Exercise:
In the copy of these records, include no pictures and change nothing else.

Dataset:

-=-=-=-=-

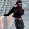 Vintage High-waisted Threaded Pullover Sweater V-neck Waist Waist Short Twist Sweater Women's Fashionable Slimming Autumn and Winter New
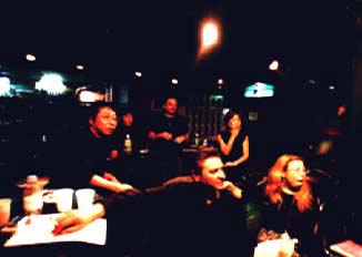 ここで、BOSSが私をステージに呼んでくれました。全く聞いていなかったので、私はカウンタ-でスタッフと後片付けの打合せをしていました。そしたら誰かが「デミちゃん、呼んでるよ。」と言うので、楽屋のスタッフが呼んでいるのかと思ったら、ステ-ジからBOSSが呼んでました。ビデオを見て初めて、あんなに長い間呼ばれていたことを知りました。どこから上ったらいいのかわからなくて、なんとかステ-ジ右側からBOSSの隣に行き、そしてBOSSから皆さんの前で感謝の言葉をもらいました。(当日は心構えもなく訳もわからずステ-ジに立ったので、BOSSの言葉もあんまり聞こえてなくて、ただライトがこんなに眩しいんだと思う他は何の余裕もなかったけれど、ビデオを見たら嬉しくてもったいなくて涙が出てしまいました。当日、泣かなくてよかったです。)
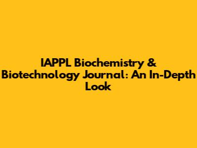 IAPPL Biochem & Biotech Journal: All You Need To Know
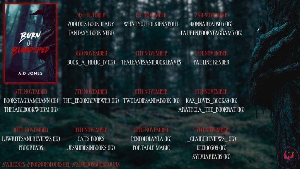 Today I’m joining the blog tour for Born Of Bloodshed. My review is written with thanks to Zoe O’Farrell for inviting me on the tour and to the author for my copy of the book.
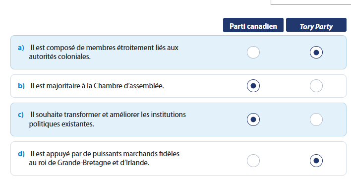 Secondaire 3 • 8mquel sont trois sujets de discorde entre les députés canadiens et britanniques de la chambre d’assemblée entre 1792 et 1812
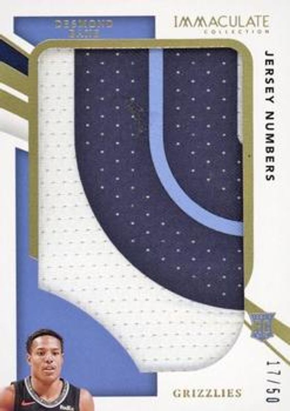 Desmond Bane 2020 Immaculate #JP-DBN Jumbo Patches - Jersey Number /2 Rookie RAW Price Guide
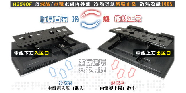 出,而下側的開孔則是為了讓冷空氣流入,這樣的基本空氣循環原理,是在電視的內部執行,和壁掛架

-=-=-=-=-

Solution:
 Vintage High-waisted Threaded Pullover Sweater V-neck Waist Waist Short Twist Sweater Women's Fashionable Slimming Autumn and Winter New
 ここで、BOSSが私をステージに呼んでくれました。全く聞いていなかったので、私はカウンタ-でスタッフと後片付けの打合せをしていました。そしたら誰かが「デミちゃん、呼んでるよ。」と言うので、楽屋のスタッフが呼んでいるのかと思ったら、ステ-ジからBOSSが呼んでました。ビデオを見て初めて、あんなに長い間呼ばれていたことを知りました。どこから上ったらいいのかわからなくて、なんとかステ-ジ右側からBOSSの隣に行き、そしてBOSSから皆さんの前で感謝の言葉をもらいました。(当日は心構えもなく訳もわからずステ-ジに立ったので、BOSSの言葉もあんまり聞こえてなくて、ただライトがこんなに眩しいんだと思う他は何の余裕もなかったけれど、ビデオを見たら嬉しくてもったいなくて涙が出てしまいました。当日、泣かなくてよかったです。)
 IAPPL Biochem & Biotech Journal: All You Need To Know
 Today I’m joining the blog tour for Born Of Bloodshed. My review is written with thanks to Zoe O’Farrell for inviting me on the tour and to the author for my copy of the book.
 Secondaire 3 • 8mquel sont trois sujets de discorde entre les députés canadiens et britanniques de la chambre d’assemblée entre 1792 et 1812
 Desmond Bane 2020 Immaculate #JP-DBN Jumbo Patches - Jersey Number /2 Rookie RAW Price Guide
 出,而下側的開孔則是為了讓冷空氣流入,這樣的基本空氣循環原理,是在電視的內部執行,和壁掛架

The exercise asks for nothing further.